When should you just enjoy the moment as opposed to taking a picture of it? We have all become Isherwood’s human camera—passively recording everything we see, saving the images to be looked at later. I wonder if we shoot pictures for enjoyment, to remember what we’ve done and where we’ve been, or as a compulsion, a way to own the experience, or conversely, perhaps a way to evade it.
At family gatherings, tourist destinations, graduations or just about anyplace or time that’s significant, people pull out a picture-taking device and record what they see. (For fun, when I go on vacation, I often take pictures of people taking pictures of their experience.) As some writers on photography have noted, it may be a way to show ownership of the experience. You take a picture in order to share with others what you did and what you saw; it is a type of proof of an ownership of that time and place.
But as I learned from hauling around all my camera equipment during vacations, I am taken out of the experiential moment when I mitigate it by photographing it. Even in those seconds when I put camera to eye I am removing myself from the experience of just seeing, of just being there. When I photograph something my mind is engaged with manipulating the camera, with getting the right shot. I am in the process of constructing a time and a place that I want to remember. All the activities involved in taking a picture removes me from participating in what originally brought me to that spot: its beauty, its transcendence, its serenity, its ability to relax me. Those intangible things that I may gain by just looking and enjoying are exchanged for the ability to document my visual perception of that place.
This is true too of those events we attend as a matter of social interaction.
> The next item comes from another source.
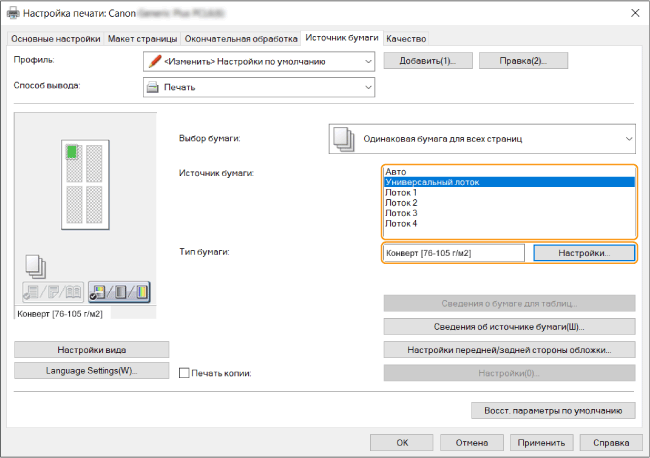 В поле [Источник бумаги] выберите [Multi-purpose Tray], а затем выберите [Конверт] в разделе [Тип бумаги].

When I photograph events either as a favor or as part of my living, I find that the camera I carry activates a kind of force field. It helps me limit interacting at the event I’m there to document. I become involved with taking the picture and manipulating the camera. The event itself, with all that goes on, is the subject, to be sure, but I am uninvolved with what goes on except to the extent that I’m recording it. Having a camera and taking pictures makes you an outsider, an observer, not a participant. I am there to get the best pictures of the people, the space, the interactions, the theater of it, and so I have to be in a different psychological space from those who are there to partake.
So, what do you get out of taking pictures at a family gathering or during a vacation you’ve been looking forward to? What do you bring home: proof of ownership, or firsthand memories of a life lived?